Other papers have seen an increase in corrections in the wake of layoffs and buyouts, but it’s tough to say if the number of corrections published by the Times has been on the rise. The paper uses an internal database to keep track of its corrections, so it has the data. (It’s also important to note that the number of corrections is not the same as the number of errors.)
This is the pick of the litter from today’s Times:
An article on Nov. 22 about the Dutch province of Friesland included a number of errors.

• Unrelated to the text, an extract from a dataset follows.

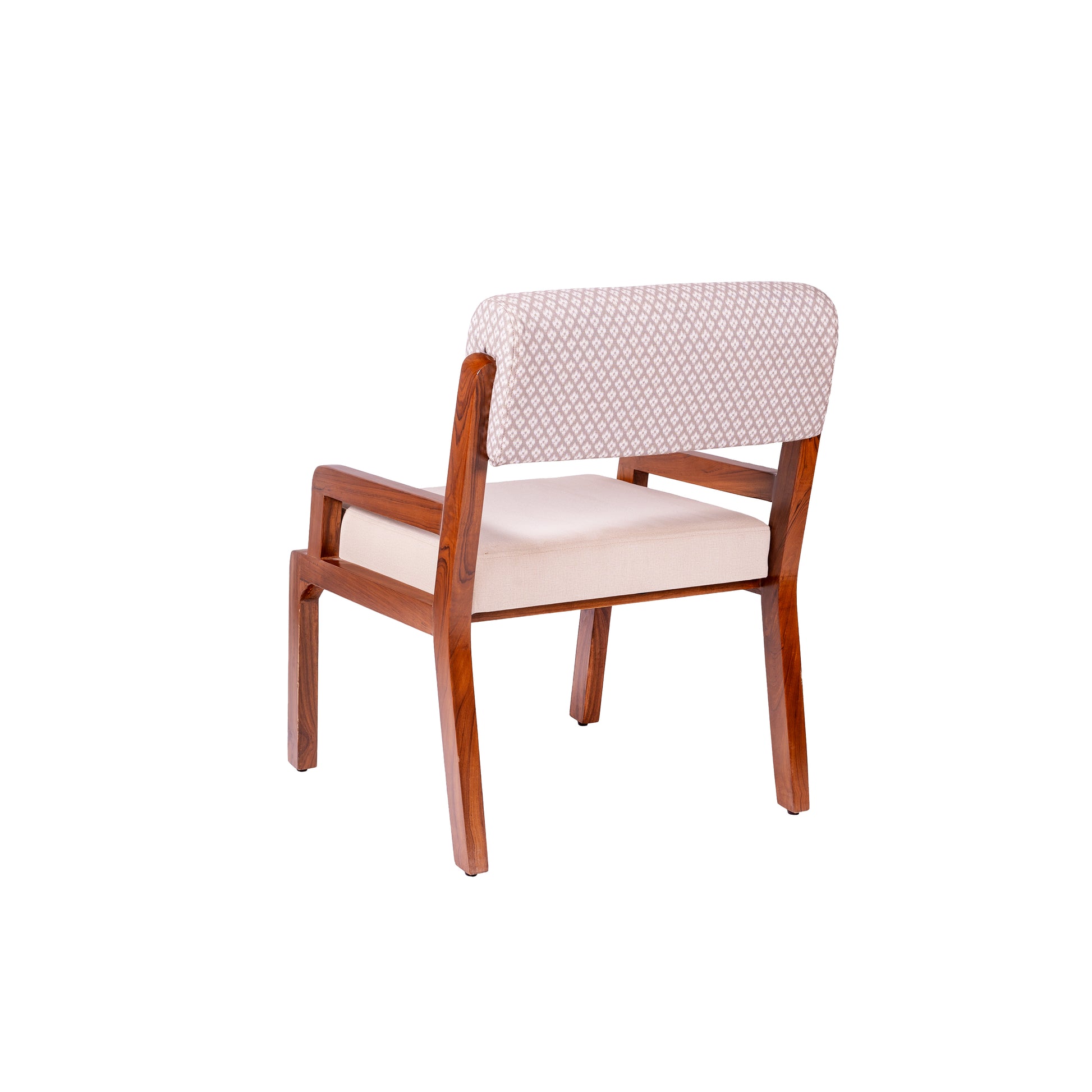 Zyra celebrates minimal strength shaped by nature’s endurance. Its form is rooted in solid teak, with clean lines that highlight craftsmanship rather than excess. The seat is upholstered in soft beige fabric, inviting long hours of comfort, while the backrest adds quiet detail through texture.

In reference to Friesland’s history, it was the feudal lords — not the Romans — who had no success conquering the Frisians in the 13th and 14th centuries. The Frisians were mostly Germanic people, not just Saxons, who had migrated there in the fourth and fifth centuries — not the first century. Friesland was considered an autonomous and proud region up to the 1500s — not “through” the Middle Ages. And it fell to the Habsburg Empire — not to the Holy Roman Empire — at the beginning of the 16th century. Also, while Friesland’s agrarian landscape is indeed dotted with terps, mounds measuring from a few to 20 feet high, terps are also found in the North Sea marshlands, encompassing parts of Holland, Germany and Denmark; the mounds are not found just in current-day Friesland.
Of the towns whose squares and alleys the writer explored, it was Stavoren — not Hindeloopen — that had a more prosperous seaport than Amsterdam up until the 1400s, not the 1700s. And the neighboring towns Stavoren and Hindeloopen, in addition to having a thriving trade with Scandinavia, also had a robust trade with the Baltic countries — but not with Russia.
A reader pointed out the errors in an e-mail message on Nov. 29; this correction was delayed for research.